IMF says wiping out poverty key challenge in new millennium
International Monetary Fund (IMF) managing director Michael Camdessus said today a key challenge in the new millennium was the need for "an unwavering focus" on poverty reduction, reports AFP.
The reduction of poverty was "even more daunting and urgent challenge" than the prevention of financial crises in a world of closely-linked capital markets, Camdessus said in a special article he contributed to Singapore's Straits Times newspaper.
He urged the advanced countries to live up to their pledges of assistance and reinforce their actions in poverty eradication by opening their doors wider to exports from poor countries.
Camdessus said the challenge of poverty was not confined just to the countries that, in per capita terms, qualify for debt relief and concessional lending.
He pointed out that one of the sad truths of the financial crisis which broke out in mid-1997 and swept through emerging market economies was "the most vulnerable members of those societies bore the heaviest burden."

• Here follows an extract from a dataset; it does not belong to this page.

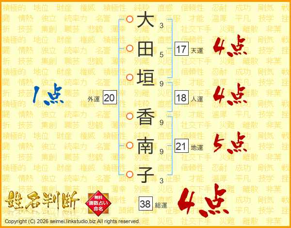 大(3画)田(5画)垣(9画) 香(9画)南(9画)子(3画)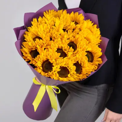 Яркие Подсолнухи в упаковке 15 шт - пример оформления на фото. Состоит из: Подсолнух - 15 шт,

"Thus, it is essential that governments in these countries - supported by the international community - maintain their commitment to social-safety-net programmes to ensure that everybody is able to weather the storm," said the IMF chief who is scheduled to step down mid-February after nearly 13 years in office.

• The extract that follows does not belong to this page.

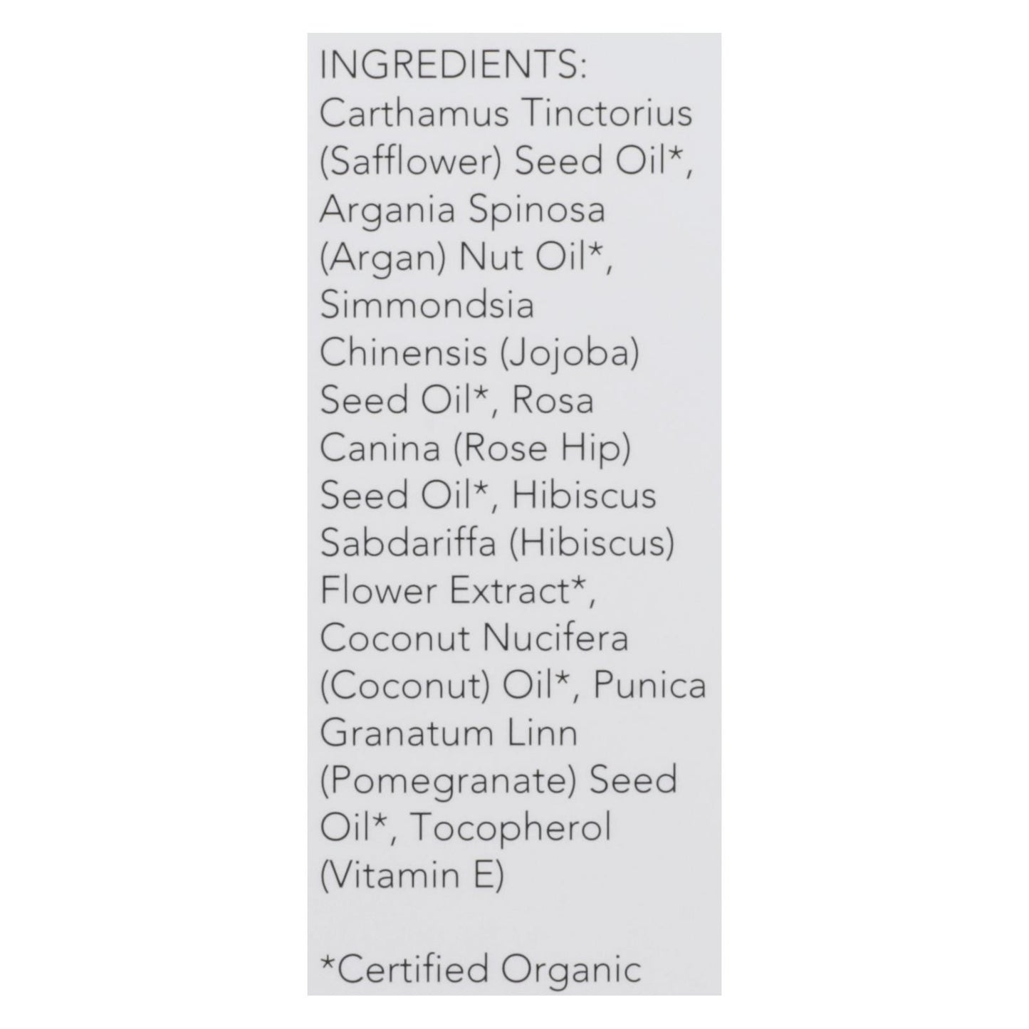 ingredients : carthamus tinctorius;safflower;seed oil;argania spinosa;argan;nut oil;simmondsia chinensis;jojoba;rosa canina;rose hip;hibiscus sabdariffa;hibiscus;flower extract;coconut nucifera;coconut;oil;punica granatum linn;pomegranate;tocopherol;vitamin e

He said some 1.3 billion people live on less than one US dollar a day in the world's poorest countries.
Camdessus said there was every reason to believe the coming decades would bring material benefits to hundreds of millions more people, and bold steps should be made to improve human conditions throughout the world.

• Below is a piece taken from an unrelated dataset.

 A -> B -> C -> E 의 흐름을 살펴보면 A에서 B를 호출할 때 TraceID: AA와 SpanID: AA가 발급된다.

"But this will require an unwavering focus on poverty reduction.
"And for the world to be able to maintain and develop it, it will be essential the new millennium be marked by renewed commitment to stability through strengthened policy discipline in the framework of the new financial architecture," Camdessus explained.
The IMF is in the forefront of efforts to devise the new financial architecture that can help prevent a repeat of the financial crisis which plunged most of Asia into recession.
Camdessus said perhaps the most important lesson of the 1990s was the world was now confronted by a new and more complex breed of financial crisis, "which can be prevented only if we continue to tackle the shortcomings of the global financial system."
He said the rapid rebound of the emerging market economies from the depths of the crisis underlined the benefits of a world tied together by open markets, freer capital flows and international policy cooperation.
But uncertainties continued to hang over the world economy and it was essential to avoid complacency, he warned.
Camdessus said financial systems in several of the crisis-hit countries remained burdened by bad debts and added corporate restructuring still had a long way to go if these economies were to regain their health fully.